Wie kann man die Entropie von Enzymen oder Proteinen berechnen oder experimentell ermitteln?

In der Praxis ist Entropie, wie Energieberechnungen, eine relative Zahl und schwer zu bekommen. Computational Chem und Bio haben mit gemischtem Erfolg an diesem Problem gearbeitet. Die Zusammenfassung dessen, was ich hier sagen werde, ist, dass, wenn Sie versuchen, die Unterschiede in der Entropie (oder Energie für diese Angelegenheit) zu berechnen, die Unterschiede in der freien Energie von Gibbs in den meisten biologischen Prozessen wie Enzym/Substratbindung, Protein/Protein oder Protein/DNA-Wechselwirkungen oder Proteinfaltung usw. ist im Vergleich zu den Fehlern in diesen Berechnungen so gering, dass die Berechnungen kaum zu glauben sind .

Entropie ist letztendlich ein Begriff, den man zur Berechnung der freien Energie von Gibb verwenden würde, die angibt, ob ein bestimmter chemischer oder molekularer Prozess stattfinden wird. Es ist also eine wertvolle Nummer zu haben. Freie Gibbs-Energie (G) ist gleich Enthalpie (Wärme) minus Temperatur (T) mal Entropieänderung.

G = H - T$\Delta$S

Der entropische Begriff ,$\Delta$S wird in chemischen Systemen oft als eine Änderung der kombinatorischen Änderung des Systems und der Änderung der Wärmekapazität des Systems beschrieben. Der erste davon könnte grob als „Mischbegriff“ beschrieben werden. Wenn mehr als ein Lösungsmittel oder ein Lösungsmittel und ein gelöster Stoff vollständig ineinander diffundieren, wird die Anzahl möglicher Zustände maximiert.

Die Wärmekapazität des Systems steht immer häufiger im Mittelpunkt von Entropieberechnungen für Proteine ​​und biologische Moleküle. Dies liegt daran, dass die Konformationen der biologischen Moleküle, insbesondere ihre Bewegungsfreiheit, vermutlich zum entropischen Teil von G beitragen .

Daher wurde versucht, anhand von NMR und Kristallographie sowie Molekulardynamik abzuschätzen, wie viele Domänen und Seitenketten frei beweglich sind.

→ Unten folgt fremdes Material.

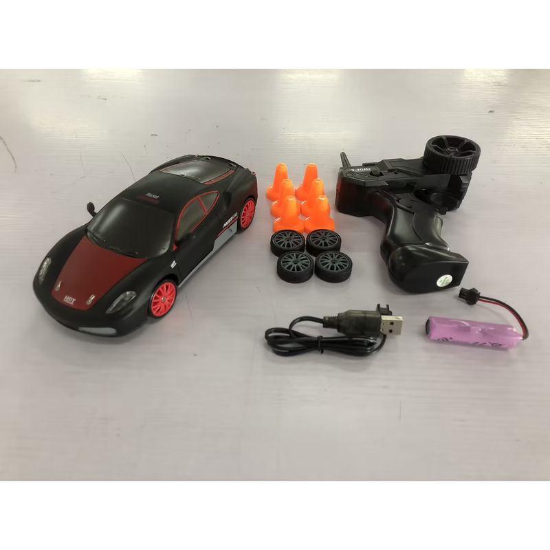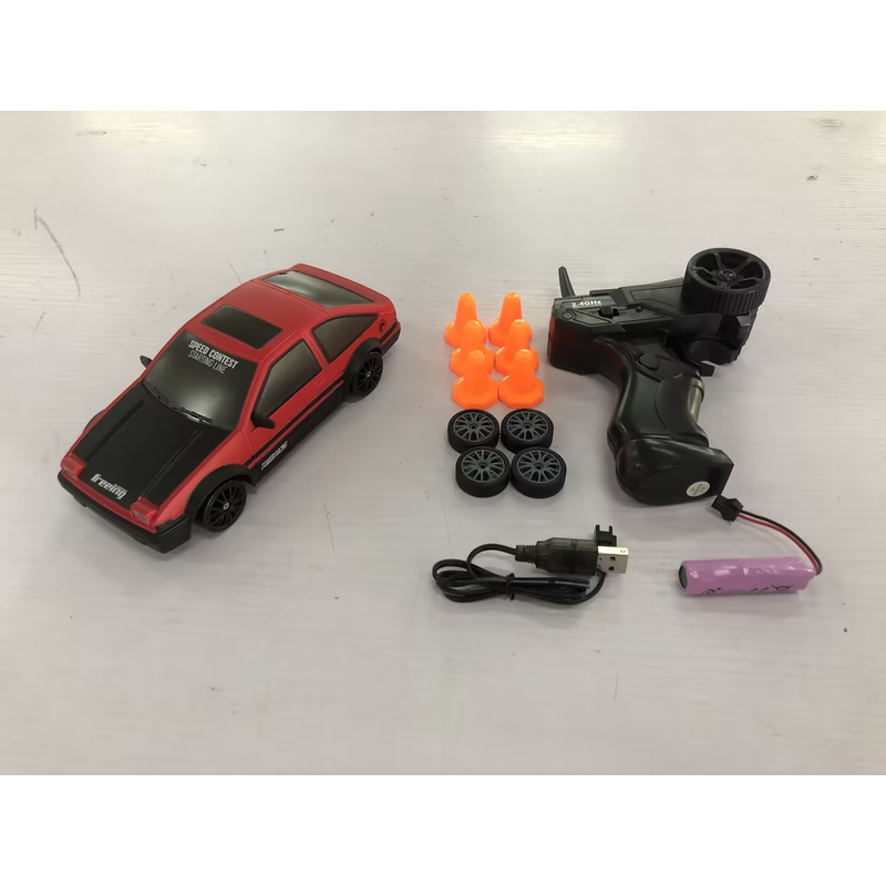 [Racing Drift Equipped]: Remote control drift car is equipped with 4 racing tires, 3.7V 500mAh Rechargeable Battery and USB Charging Cable, and 6 Traffic Cones. You only need such a car to experience the fun of racing and drift.

Leider ist dies nur ein unzureichender Proxy für die biologische Entropie. Ein wesentlicher, wenn nicht dominanter Beitrag zum T$\Delta$S- Begriff kommt von Lösungsmittel .

Wie ist das so? Wassermoleküle bilden Strukturen um Proteine ​​herum, die nicht statisch sind, aber im Durchschnitt viele Wassermoleküle enthalten, um sie in Kristallstrukturen und NMR-Experimenten zu sehen. Während die einzelnen Wässer schnell ausgetauscht werden, befinden sie sich in Wasserlösung nicht in demselben entropischen Zustand wie wenn sie eine Hydrathülle um eine aromatische oder geladene Seitenkette bilden.

Es wurden Versuche unternommen, die Lösungsmittelentropie zu parametrisieren, indem man die vergrabene unpolare Oberfläche in einem gefalteten Protein betrachtet und die Beweglichkeit der Seitenketten vor und nach der Faltung/Bindung betrachtet, aber diese Metriken scheinen bis zu dem Punkt konfigurationsabhängig zu sein, an dem sie es nicht können zumindest bisher die Proteinentropie über diese Bemühungen berechnen.

Herkömmlicherweise versucht die Molekulardynamik dies zu berechnen, indem sie die Proteine ​​oder andere Moleküle mit Wassermolekülen umgibt und eine Annäherung an die Gesamtentropie für das gesamte System berechnet wird. Es stellt sich heraus, dass kleine Unterschiede zwischen den Wassermolekülmodellen und den Vereinfachungen in Ball-and-Stick/Hooke-Potential-Wassermodellen, die wir machen, auch problematische Annäherungen sind, wenn es Hunderte oder Tausende von Wassermolekülen in der Simulation gibt.